Proprietária da Clinica de Estética Fábrica dos Glúteos, Poliana Rodrigues da Silva foi identificada como a enfermeira presa nesta sexta-feira (24) pela Delegacia do Consumidor. A clínica é localizada no bairro Jardim Europa, em Cuiabá.
Em sua página no Instagram, a enfermeira possui mais de 440 mil seguidores. Apesar de poucas postagens, ela expõe seus procedimentos com as seguintes hashtags: botox, preenchimento labial, corrente russa corporal e bumbum na nuca.
Segundo a Polícia Civil, a enfermeira e empresária é investigada pelos crimes de exercício ilegal da medicina e crimes contra a saúde pública. A apuração dos agentes identificaram que ela realizava procedimentos invasivos e utilizava medicamentos sem registro na Agência Nacional de Vigilância Sanitária (Anvisa).
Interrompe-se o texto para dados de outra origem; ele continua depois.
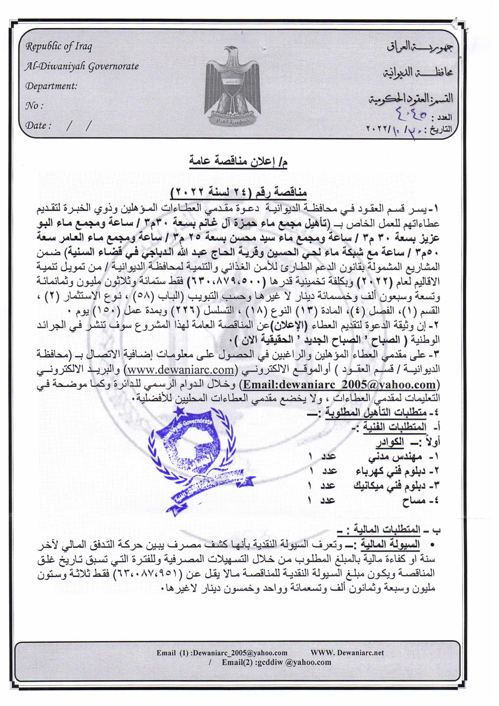 ﴿ إعلان مناقصة (24) لسنة 2022
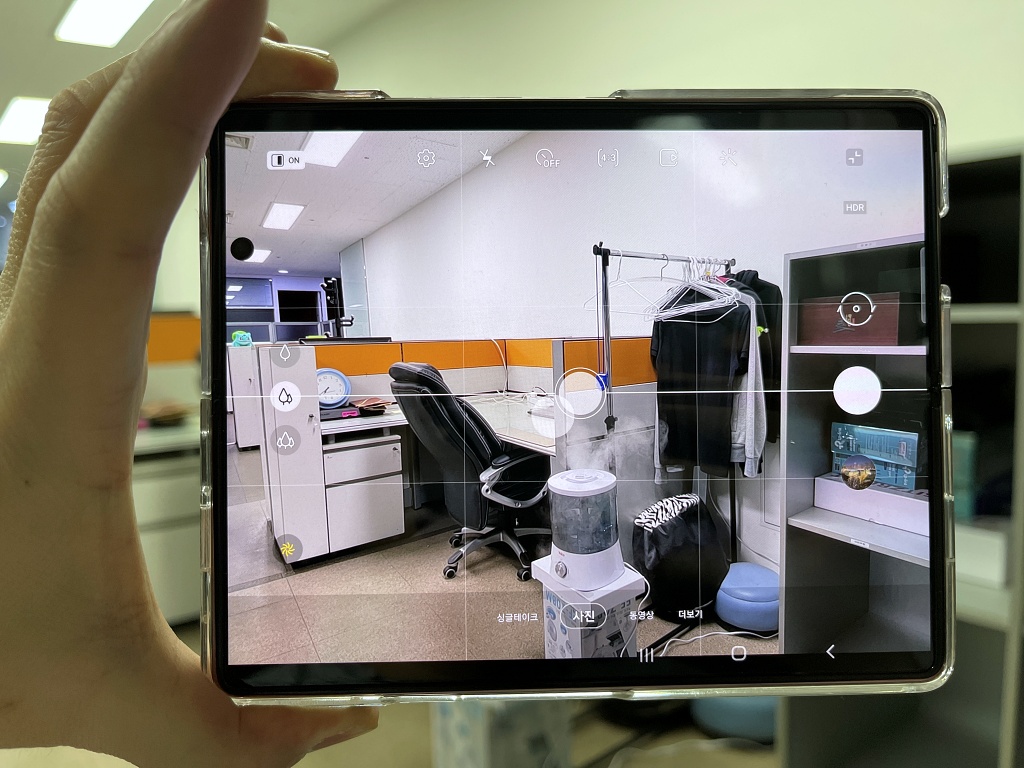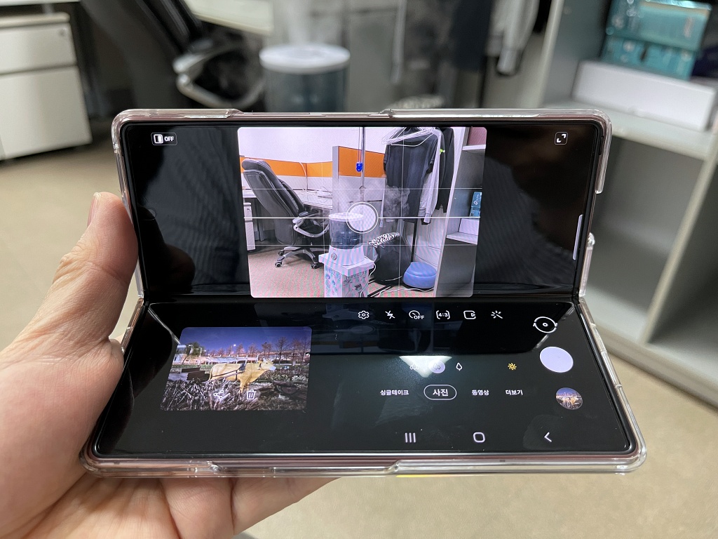 그런데 보통은 저렇게 펼쳐서 찍기보다는 접은 상태에서 카메라를 쓰는 경우가 더 많을 듯 싶다. 접었을 때의 카메라 기능은 일반 스마트폰의 카메라 기능과 동일하기 때문에 따로 정리하지는 않겠다.

Durante fiscalizações conjuntas, as equipes identificaram a realização de procedimentos como aplicação de Plasma Rico em Plaquetas (PRP), ozonioterapia e soroterapia — práticas consideradas privativas de médicos — executadas pela suspeita, que é enfermeira de formação.
APREENSÕES
No local, também foram apreendidos medicamentos vencidos, produtos importados sem registro no Brasil e substâncias proibidas pela Anvisa, incluindo toxina botulínica de fabricação sul-coreana e outros fármacos usados de forma irregular. Parte dos materiais, segundo a investigação, teria sido trazida ilegalmente ao país e estava armazenada em condições inadequadas.
As fiscalizações ainda constataram que a clínica funcionava sem alvará sanitário, sem controle adequado de resíduos e sem estrutura mínima de biossegurança. “As fiscalizações também evidenciaram que a clínica funcionava sem alvará sanitário, sem controle adequado de resíduos e sem condições mínimas de biossegurança, expondo pacientes a riscos de contaminação por doenças graves”, afirmou o delegado titular da Decon, Rogério Ferreira.
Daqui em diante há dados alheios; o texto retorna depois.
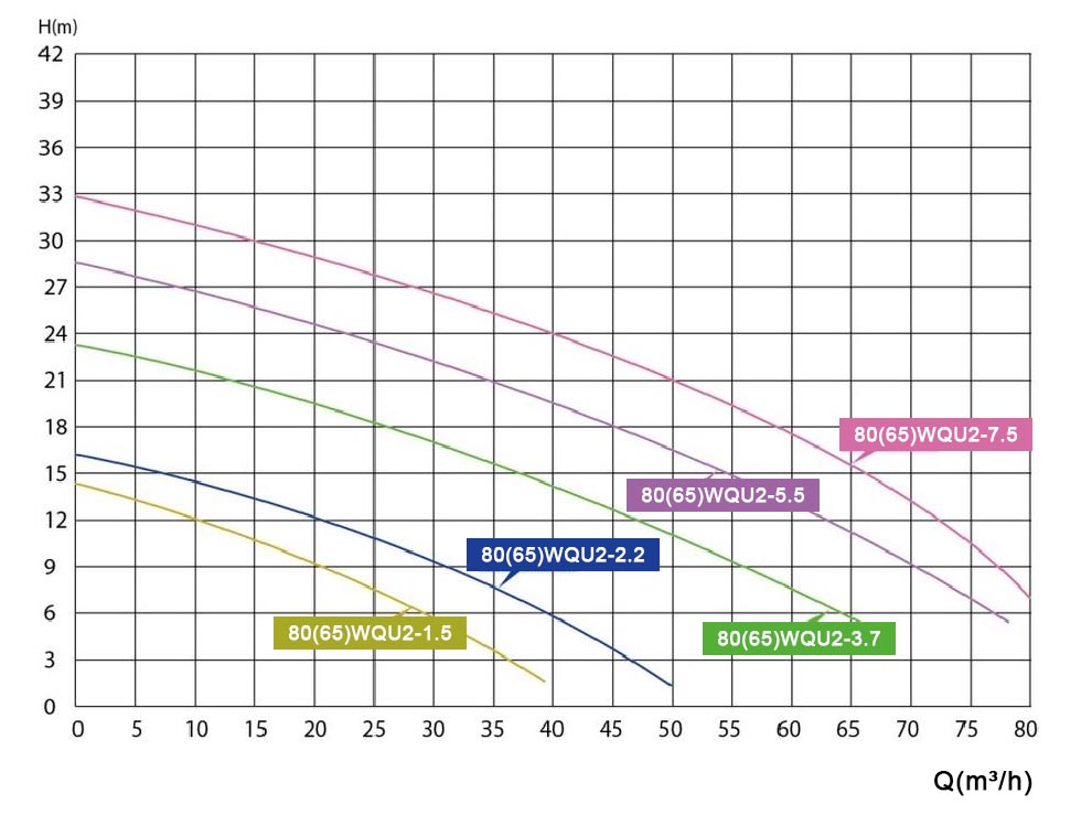 | 80(65)WQU2-3.7 | 3F/380V | 3.7 | 5 | 3"(2,5") | 80(65) | 50 | 40 | 14 | 64 | 23.5 | 57.34 | 68*29*33 |
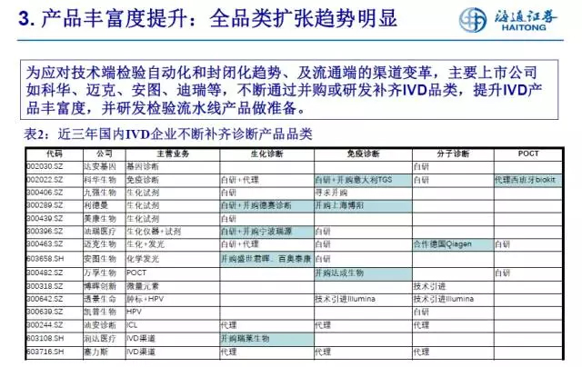 目前产品的丰富度在提升。非常明显的是在IVD行业中,为了应对技术端检验自动化跟封闭化大的趋势,主要的上市公司,像科华、迈克、安图、迪瑞等,不断通过并购或研发补齐IVD品类,提升IVD产品丰富度,并研发检验流水线产品做准备。
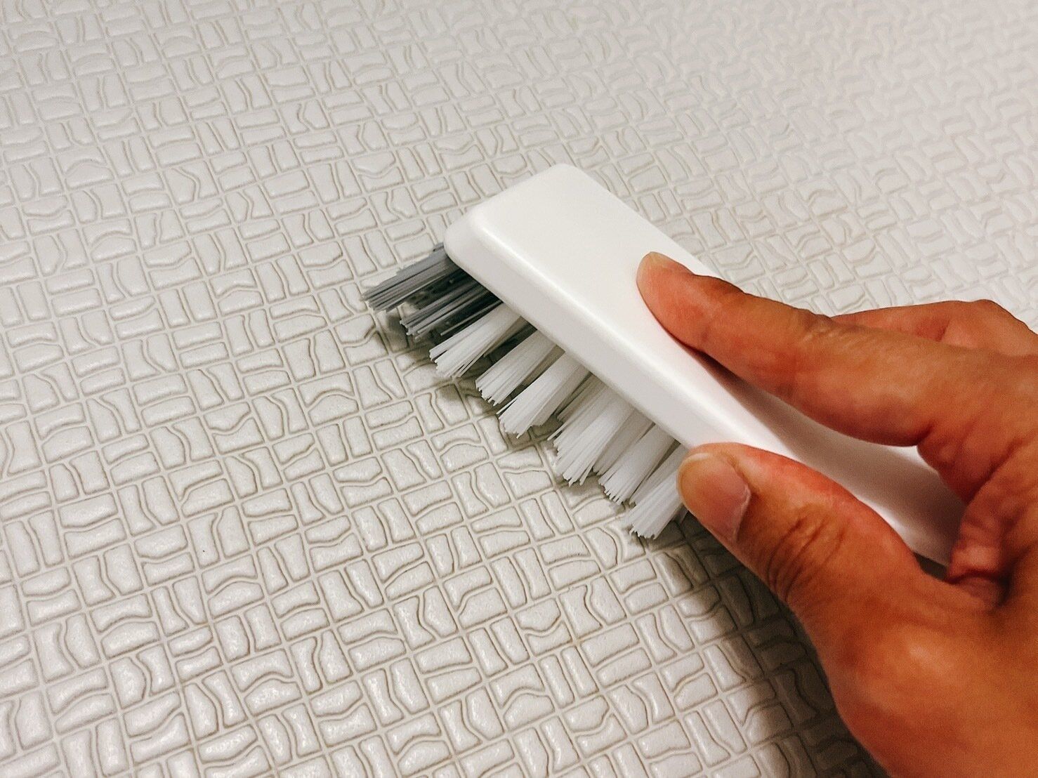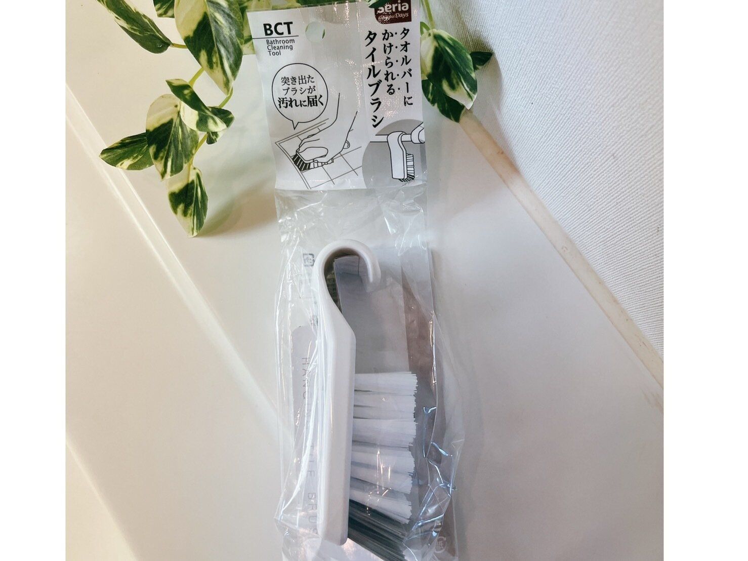 床のタイル掃除におすすめの道具が、セリアのタオルバーにかけられるタイルブラシです。溝の汚れはかき出すのに苦労しますが、これはブラシ部分がつき出ているので、楽々掃除ができます。

Segundo o delegado, a manipulação de sangue em ambiente inadequado, especialmente nos procedimentos de PRP, elevava o risco de contaminação cruzada, infecções severas, necroses e até morte.
FUNCIONAMENTO CLANDESTINO
Mesmo após a interdição do estabelecimento, a investigada teria continuado atuando clandestinamente. Conforme a polícia, ela retirou equipamentos da clínica durante a noite e passou a atender pacientes em outros endereços, inclusive em espaços não regularizados. Também tentou abrir uma nova unidade, com outro nome, no mesmo bairro, sem autorização dos órgãos competentes.
Além da prisão preventiva, a Justiça determinou medidas cautelares como mandado de busca e apreensão, interdição imediata da clínica, suspensão do CNPJ da empresa, bloqueio das redes sociais da investigada e suspensão do registro profissional dela junto ao Conselho Regional de Enfermagem de Mato Grosso (Coren-MT).
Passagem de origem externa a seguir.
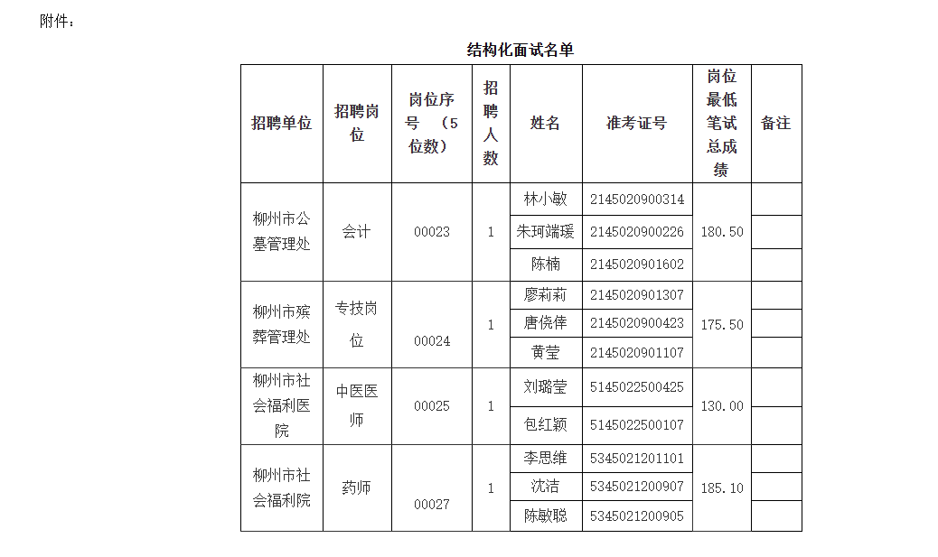(三)面試當(dāng)天全部考試結(jié)束后,考生面試成績(jī)?cè)谑忻裾?2樓公示欄公示,并在廣西柳州市民政局網(wǎng)站(http://mzj.liuzhou.gov.cn/)上公布,請(qǐng)考生自行查閱。
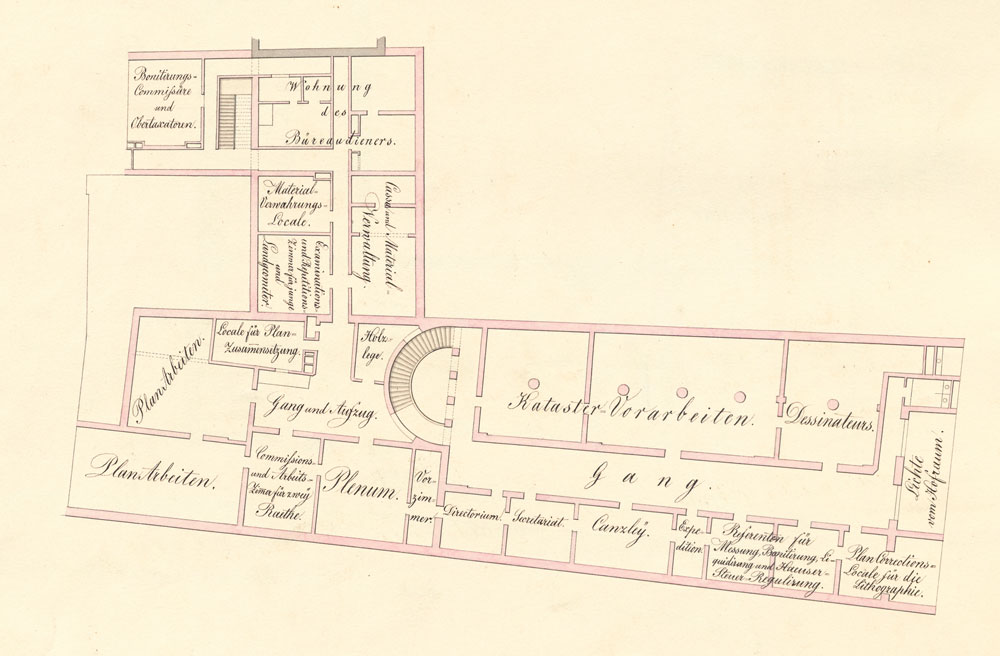 Grundriss des ersten Obergeschosses der Steuerkatasterkommission. Abb. aus: Georg Friedrichs Ziebland, Steuerkataster-Kommission, München 1831. (Bayerische Staatsbibliothek, Cod.icon. 214) HLB
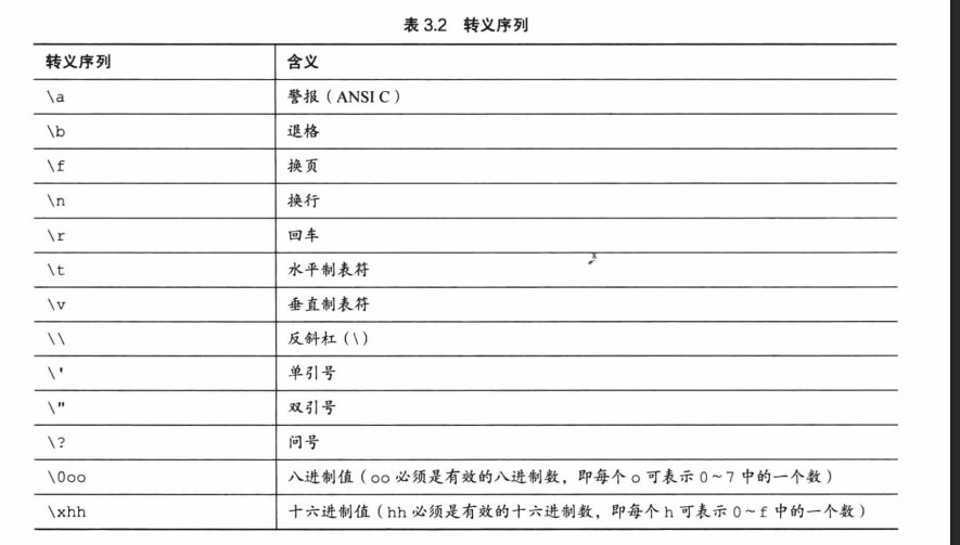 表3.2 中的最后两个转义序列(\0oo 和\xhh) 是 ASCII 码的特殊表示。如果要用八进制 ASCII 码表 示一个字符,可以在编码值前面加一个反斜杠()并用单引号括起来。例如,如果编译器不识别警报字符 (\a),可以使用 ASCII 码来代替:

A enfermeira já possuía passagem pela polícia por tráfico de drogas e usava tornozeleira eletrônica no momento da prisão.
Segundo Rogério Ferreira, as investigações seguem em andamento e outros profissionais da área de estética que atuarem ilegalmente ou utilizarem medicamentos irregulares, especialmente produtos voltados para emagrecimento, poderão ser alvo de novas operações, inclusive com pedidos de prisão preventiva.